Task directions> Excluding images, repeat the data exactly as given.

Dataset excerpt>
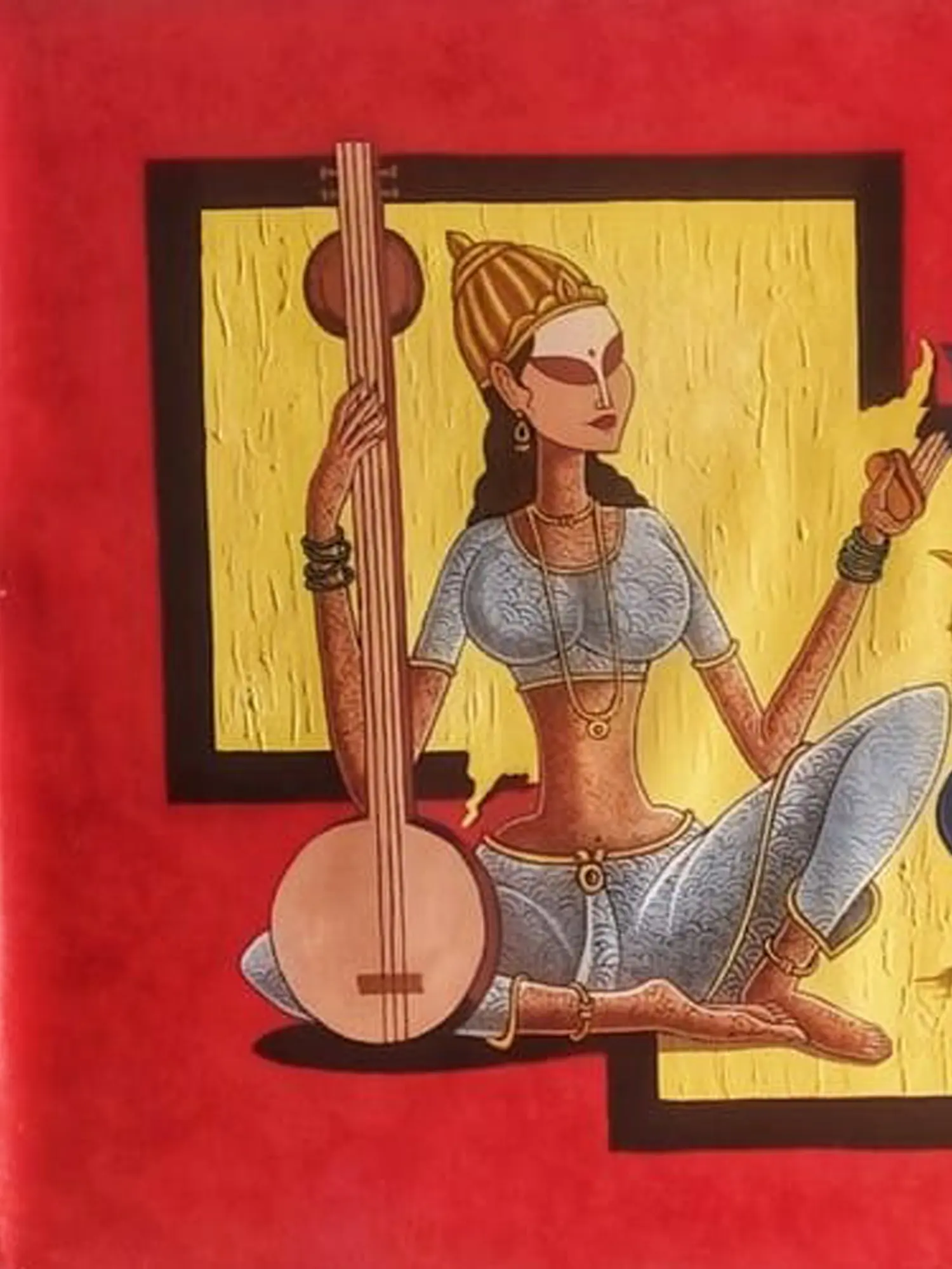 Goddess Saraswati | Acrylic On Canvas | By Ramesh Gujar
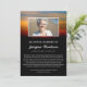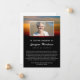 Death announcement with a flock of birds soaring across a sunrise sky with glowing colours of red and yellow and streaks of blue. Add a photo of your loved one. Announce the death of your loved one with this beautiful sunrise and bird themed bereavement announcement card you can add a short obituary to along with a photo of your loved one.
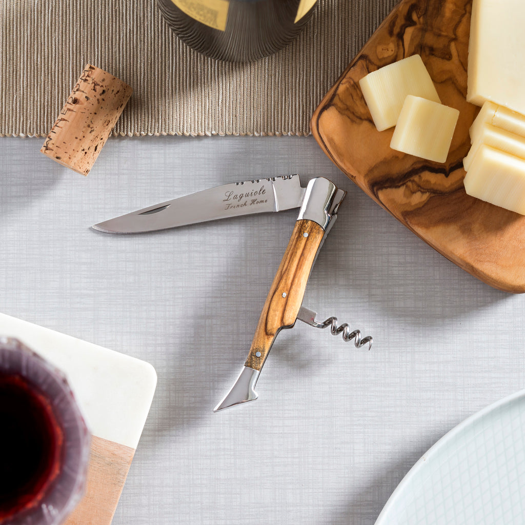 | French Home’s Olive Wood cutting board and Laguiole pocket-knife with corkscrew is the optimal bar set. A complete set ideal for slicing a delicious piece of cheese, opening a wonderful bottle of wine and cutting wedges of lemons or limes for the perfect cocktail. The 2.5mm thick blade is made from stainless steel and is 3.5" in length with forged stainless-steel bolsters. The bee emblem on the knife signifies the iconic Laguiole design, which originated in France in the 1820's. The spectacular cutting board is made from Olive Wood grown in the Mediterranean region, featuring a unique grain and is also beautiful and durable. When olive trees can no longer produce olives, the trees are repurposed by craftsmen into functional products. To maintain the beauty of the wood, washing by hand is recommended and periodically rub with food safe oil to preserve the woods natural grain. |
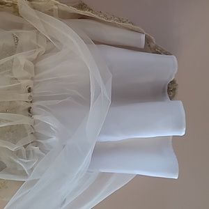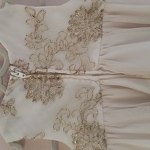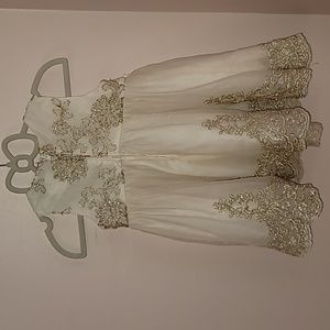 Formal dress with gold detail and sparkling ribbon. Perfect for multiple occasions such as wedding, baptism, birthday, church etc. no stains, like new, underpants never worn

Answer area>
 Goddess Saraswati | Acrylic On Canvas | By Ramesh Gujar
 Death announcement with a flock of birds soaring across a sunrise sky with glowing colours of red and yellow and streaks of blue. Add a photo of your loved one. Announce the death of your loved one with this beautiful sunrise and bird themed bereavement announcement card you can add a short obituary to along with a photo of your loved one.
 | French Home’s Olive Wood cutting board and Laguiole pocket-knife with corkscrew is the optimal bar set. A complete set ideal for slicing a delicious piece of cheese, opening a wonderful bottle of wine and cutting wedges of lemons or limes for the perfect cocktail. The 2.5mm thick blade is made from stainless steel and is 3.5" in length with forged stainless-steel bolsters. The bee emblem on the knife signifies the iconic Laguiole design, which originated in France in the 1820's. The spectacular cutting board is made from Olive Wood grown in the Mediterranean region, featuring a unique grain and is also beautiful and durable. When olive trees can no longer produce olives, the trees are repurposed by craftsmen into functional products. To maintain the beauty of the wood, washing by hand is recommended and periodically rub with food safe oil to preserve the woods natural grain. |
 Formal dress with gold detail and sparkling ribbon. Perfect for multiple occasions such as wedding, baptism, birthday, church etc. no stains, like new, underpants never worn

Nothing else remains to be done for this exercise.